Chunk #0 — Background

Source: Characterizing and measuring bias in sequence data.
Embedded: yes
Text

Ideal whole-genome shotgun DNA sequencing would distribute reads uniformly across the genome and without sequence-dependent variations in quality. All existing sequencing technologies fall short of this ideal and exhibit various types and degrees of bias.
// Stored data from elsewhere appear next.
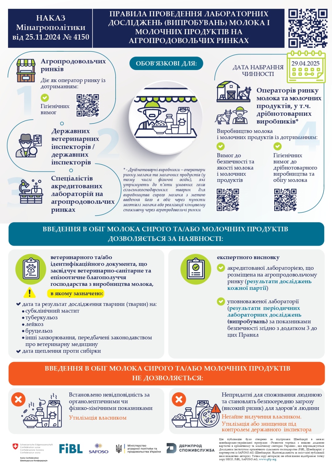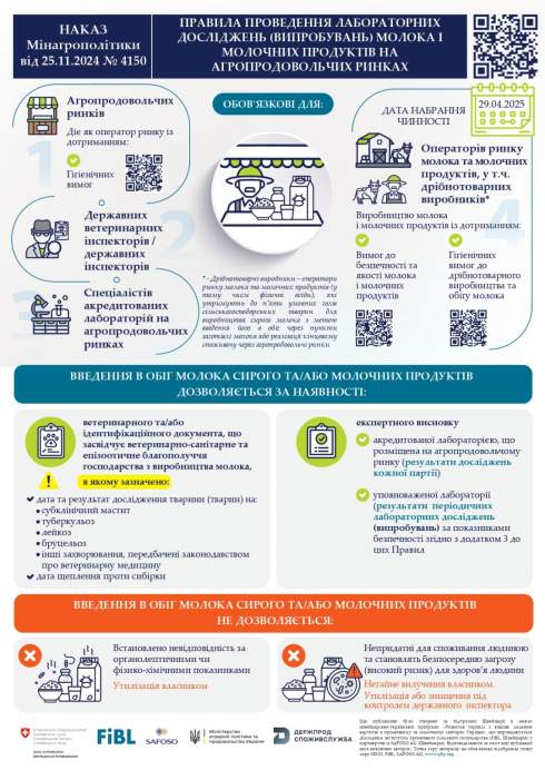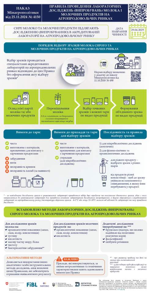 Крім того, встановлюються вимоги щодо проведення лабораторних досліджень (випробувань) молока сирого та виготовлених із нього молочних продуктів (крім продукції промислового виробництва), що вводяться в обіг операторами ринку, у тому числі, дрібнотоварними виробниками, кінцевому споживачу через агропродовольчі ринки.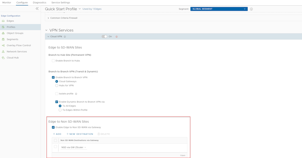 - Associate a Non SD-WAN Destination Network Service to a Profile or Edge.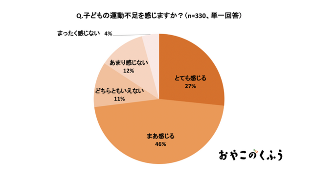 子どもの「おうち時間」の過ごし方について、「子どもの運動不足を感じるか」を聞いたところ、「とても感じる」27%、「まあ感じる」46%を合わせ、全体の73%が「子どもの運動不足を感じる」と回答しました。就学前の幼児期は、体を使って様々な動きができることに「おもしろさ」を感じたり、体の発達の基礎作りとなる大切な時期といわれ、コロナ禍で子どもの運動機会が減っていることに不安を感じている家庭が多い様子がうかがえます。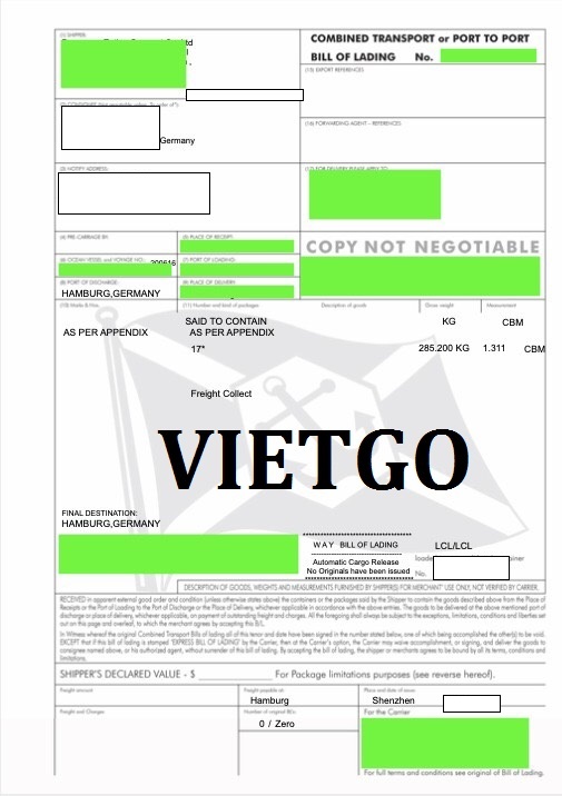 Chia sẻ thêm với VIETGO, cô Silja cho biết trước đây công ty cô đã từng nhập khẩu rất nhiều các sản phẩm may mặc từ nhiều đối tác khác nhau trên thế giới, một trong đó có thể kể đến những đại lý tại Bồ Đào Nha. Chính vì thế, để minh chứng cho kinh nghiệm nhập khẩu hàng hóa dày dặn của công ty, cô Silja có gửi tới chúng tôi bản vận đơn nhập khẩu áo Hoodie từ Shenzhen, Trung Quốc vào ngày 18/06/2020: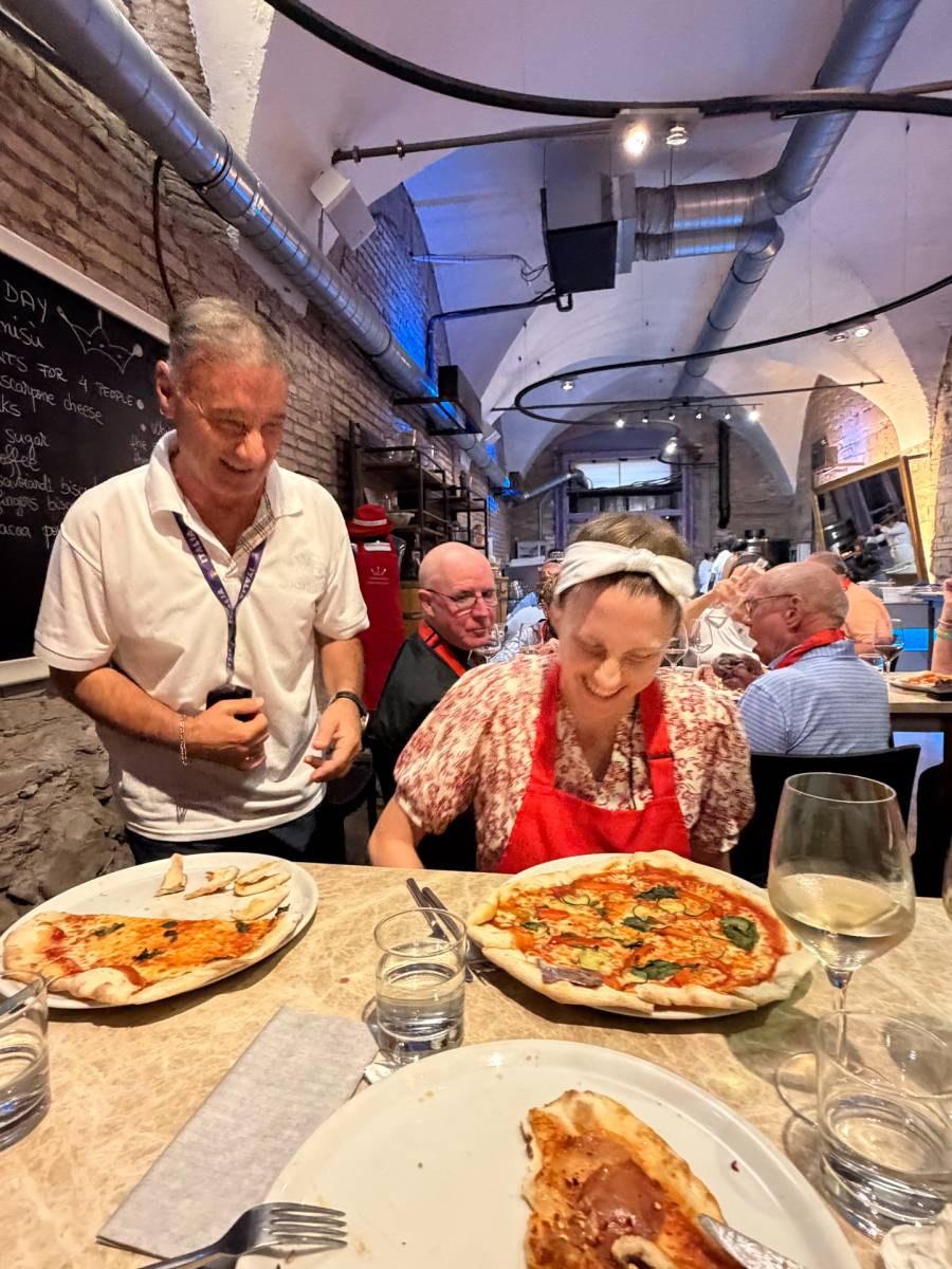 We also woke up to another Beautiful Day in Rome. Yesterday, we had lunch at a “make your own pizza” Pizzeria. Then, in the afternoon, we visited the Catacombs of Priscilla and celebrated Mass in the Basilica of St. Sylvester.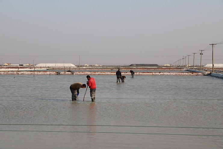 此次检查工作涵盖日晒制盐公司所有生产班组,检查人员由生产服务公司及两个制盐分公司人员组成,检查通过采取多点测量,取平均值的方式,确保准确性。检查过程中,检查人员手执测量尺与铁锹,深入到盐池中央进行认真仔细的测量,遇到盐层高低不齐的地方,检查人员还要多次测量,确保数据准确无误。据了解,此次抽查主要有两个个目的:一是为了检测各班组盐层年增长厚度及用卤量,作为计算年长盐量数据进行保存,并为年底各项结算工作收集数据;二是为了冬准工作做准备,通过实地抽查,检测出各班组盐层、卤水等存余量,为下一步冬准工作的顺利开展做好准备。(封杨)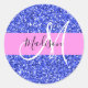 Glam Dark Blue Pink Glitter Sparkles Name Monogram Classic Round Sticker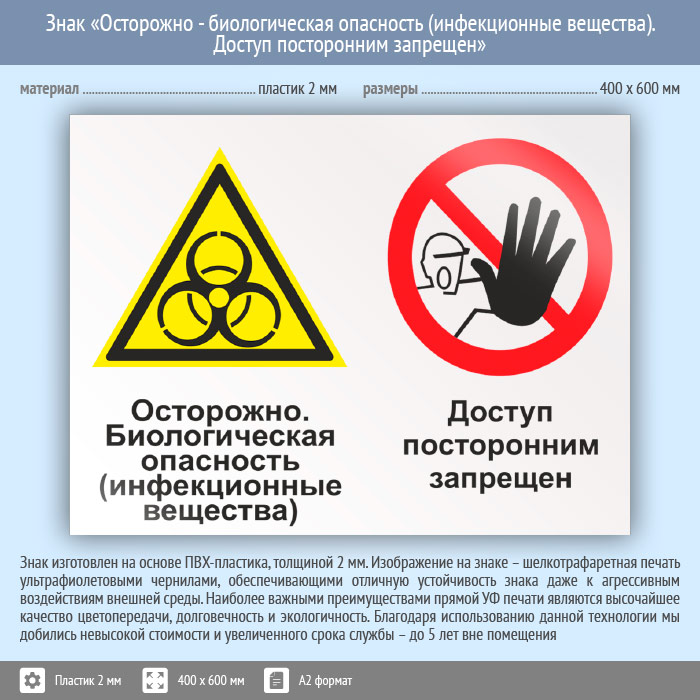 Знак «Осторожно - биологическая опасность (инфекционные вещества). Доступ посторонним запрещен», КЗ-51 (пластик, 600х400 мм) в Сургуте купить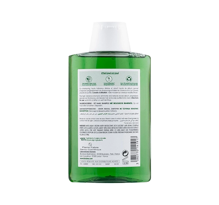 Регулярно пользуясь шампунем от Klorane с органическим экстрактом крапивы, Вы можете уменьшить частоту мытья волос. Косметика не содержит ингредиентов животного происхождения, что является следующим большим преимуществом. Более того, упаковка биологически разлагается, что делает шампуни Klorane отличным выбором для людей, заботящихся о природе.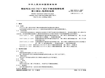 本部分详述了橡皮绝缘电焊机电缆的技术要求。每种电缆应符合GB 5013.1规定的相应要求和本部分的特殊要求。 GB 5013.6-1997 额定电压450/750V及以下橡皮绝缘电缆 第6部分:电焊机电缆 GB5013.6-1997 标准下载解压密码:www.bzxz.net

Sequencing bias degrades genomic data applications, including genome assembly and variation discovery, which rely on genome-wide coverage. Undercovered regions might lead to a missed SNP in an important region or cause an assembler to produce shorter contigs. For example, Figure 1 plots the coverage of the transcription start site and first exon of human gene NCS1, which encodes a neurotransmitter regulator [1], in whole-genome shotgun sequencing (data set A2). Despite 198-fold mean coverage of the genome, the first 72 bases of this exon are completely uncovered. This type of bias can reduce the effectiveness of biological and medical research. Recently published work on drug-resistant tuberculosis identified thousands of zero-coverage sites in an entire class of the bacterium's genes, despite sequencing to an average depth of 134× [2]. Alleviating gaps or dips in coverage through additional reads inflates sequencing costs, and may have limited effectiveness. For these reasons, improving our knowledge of sequencing bias is essential to improving the utility of DNA sequencing data.